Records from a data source
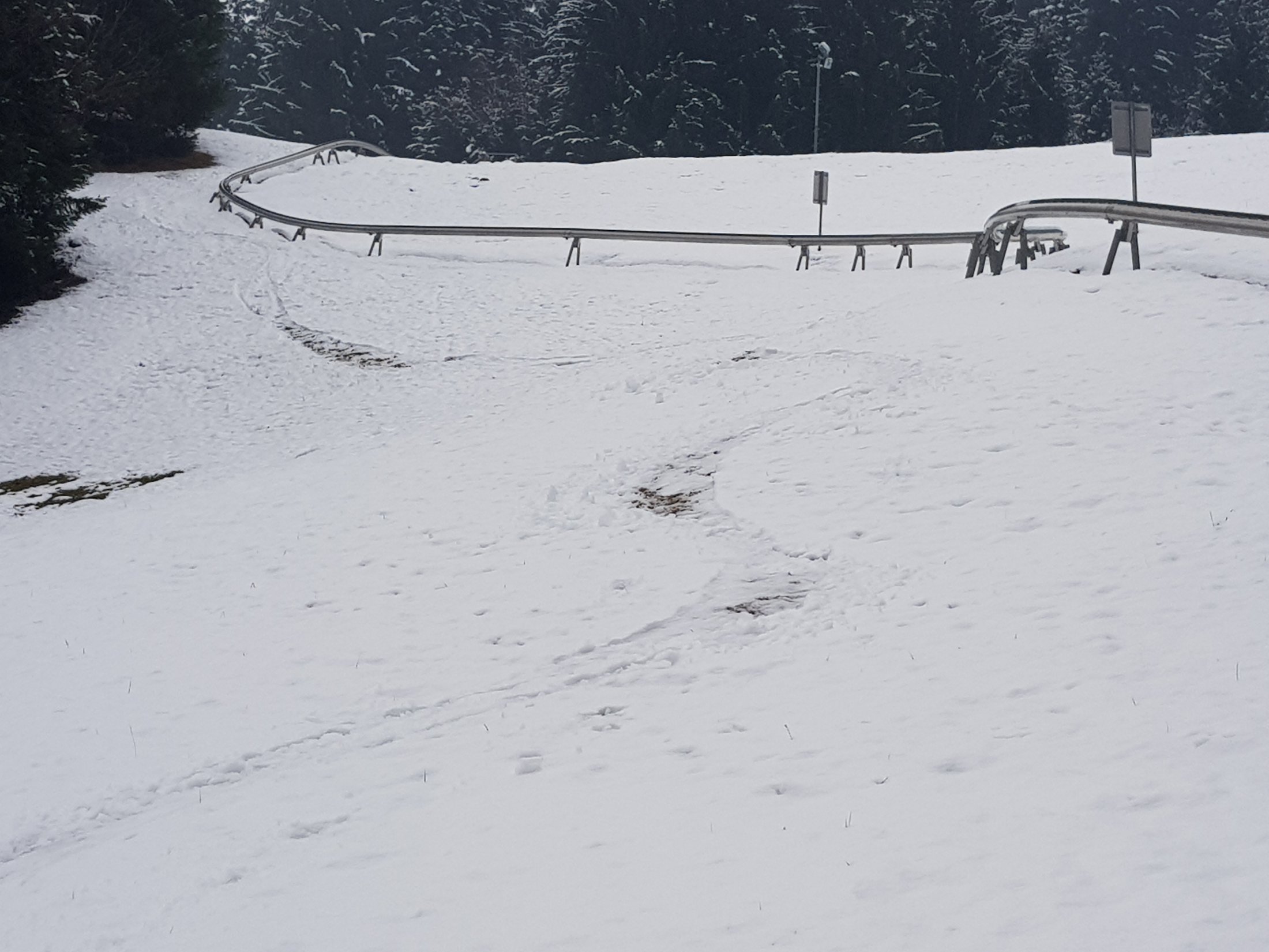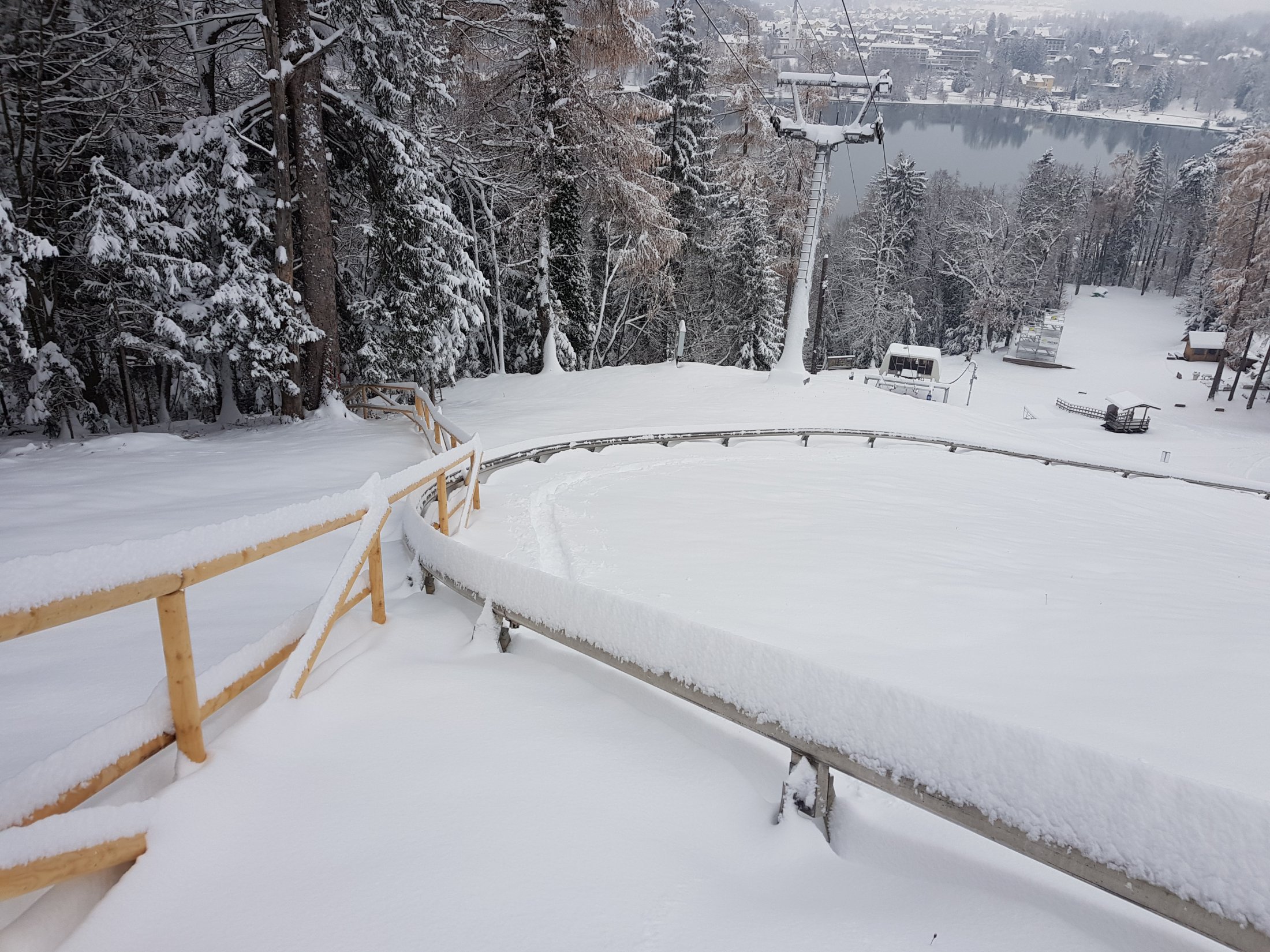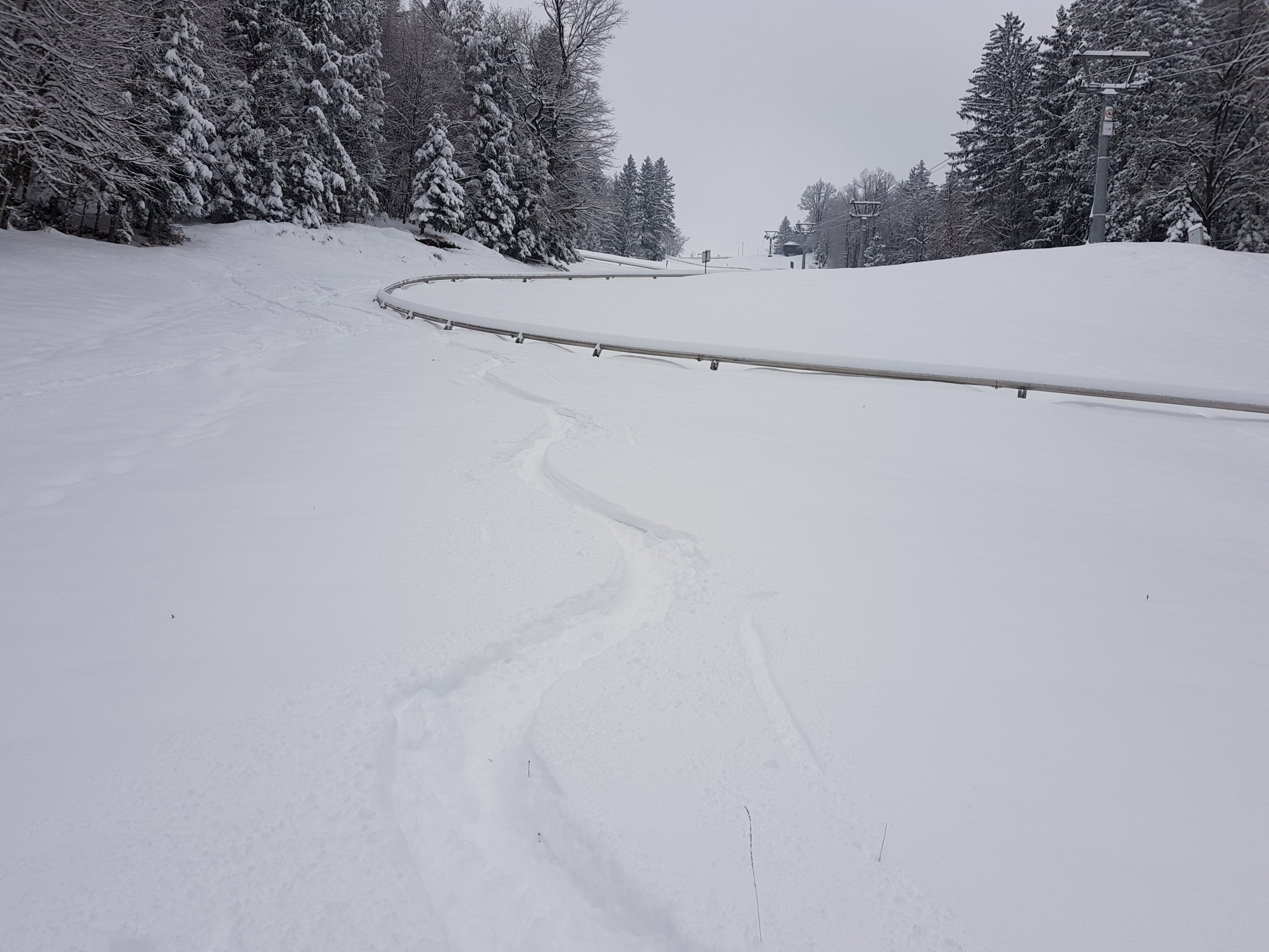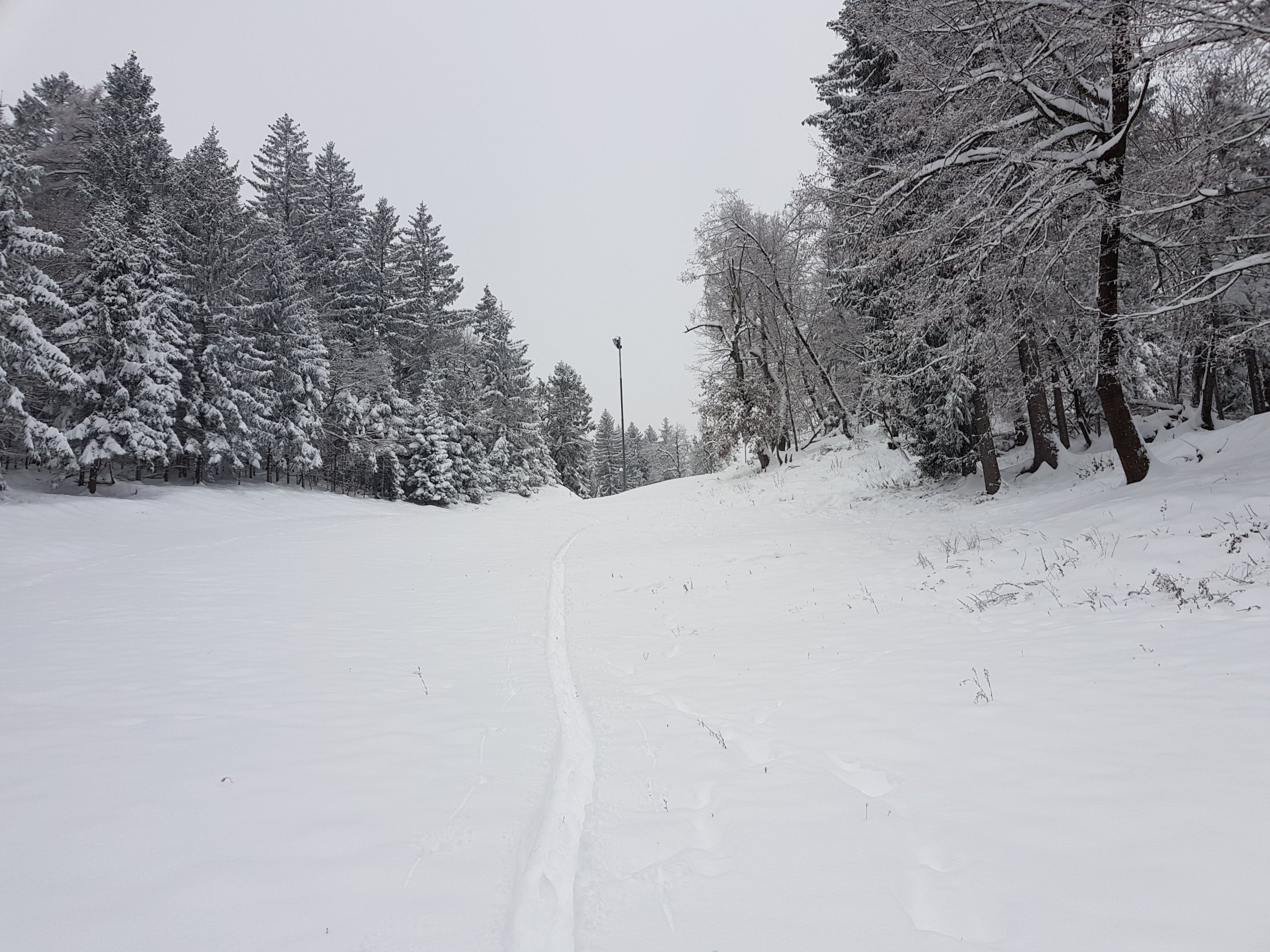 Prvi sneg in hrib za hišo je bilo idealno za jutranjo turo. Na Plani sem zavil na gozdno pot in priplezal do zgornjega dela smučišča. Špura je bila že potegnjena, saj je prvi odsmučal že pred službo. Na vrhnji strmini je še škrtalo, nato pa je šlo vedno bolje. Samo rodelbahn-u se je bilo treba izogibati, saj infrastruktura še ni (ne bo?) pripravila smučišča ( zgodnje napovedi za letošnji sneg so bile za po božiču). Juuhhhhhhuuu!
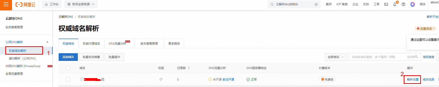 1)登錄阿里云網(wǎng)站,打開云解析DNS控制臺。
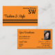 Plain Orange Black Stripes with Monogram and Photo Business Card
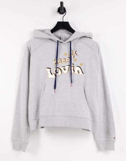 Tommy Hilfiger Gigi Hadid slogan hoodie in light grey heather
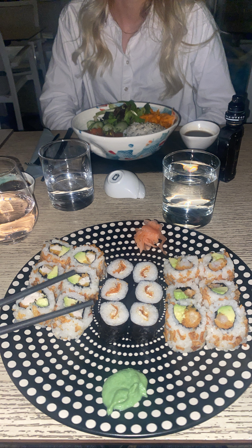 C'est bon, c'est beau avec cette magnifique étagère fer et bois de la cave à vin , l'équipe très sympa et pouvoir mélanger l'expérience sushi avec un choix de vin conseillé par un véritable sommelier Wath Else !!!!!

#### What you should do:
Your copy should hold only the lines running from the one that contains "1)登錄阿里云網(wǎng)站,打開云解析DNS控制臺。" through the final line of the data; transcribe them exactly, both ends included, and leave pictures out.

#### Your solution:
 1)登錄阿里云網(wǎng)站,打開云解析DNS控制臺。
 Plain Orange Black Stripes with Monogram and Photo Business Card
 Tommy Hilfiger Gigi Hadid slogan hoodie in light grey heather
 C'est bon, c'est beau avec cette magnifique étagère fer et bois de la cave à vin , l'équipe très sympa et pouvoir mélanger l'expérience sushi avec un choix de vin conseillé par un véritable sommelier Wath Else !!!!!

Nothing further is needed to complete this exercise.